Exercise data ->
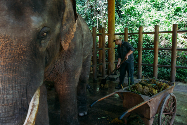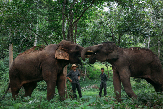 据“象爸爸”介绍,训练时,一头象由两个“象爸爸”照顾,象到哪里,人就到哪里,但人尽量不干涉它们。
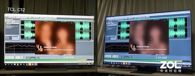 MEMC运动补偿方面,C12表现出了良好的稳定性,在主体人物与背景快速移动交错的画面中,C12画面抖动更小,补帧更及时、顺滑,而右边的LCD电视仔细看会有些许的卡顿。给实际观影带来的差异就是LCD电视播放动态画面时看久了眼睛很累,而C12就不会。
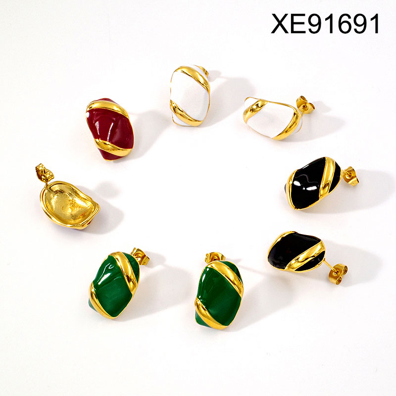 Home > Level A Stainless Steel Jewelry New Trendy Drip Oil/Enamel Golden Earring

Exercise ->
Reproduce the lines above exactly, image-free.

Completed task ->
 据“象爸爸”介绍,训练时,一头象由两个“象爸爸”照顾,象到哪里,人就到哪里,但人尽量不干涉它们。
 MEMC运动补偿方面,C12表现出了良好的稳定性,在主体人物与背景快速移动交错的画面中,C12画面抖动更小,补帧更及时、顺滑,而右边的LCD电视仔细看会有些许的卡顿。给实际观影带来的差异就是LCD电视播放动态画面时看久了眼睛很累,而C12就不会。
 Home > Level A Stainless Steel Jewelry New Trendy Drip Oil/Enamel Golden Earring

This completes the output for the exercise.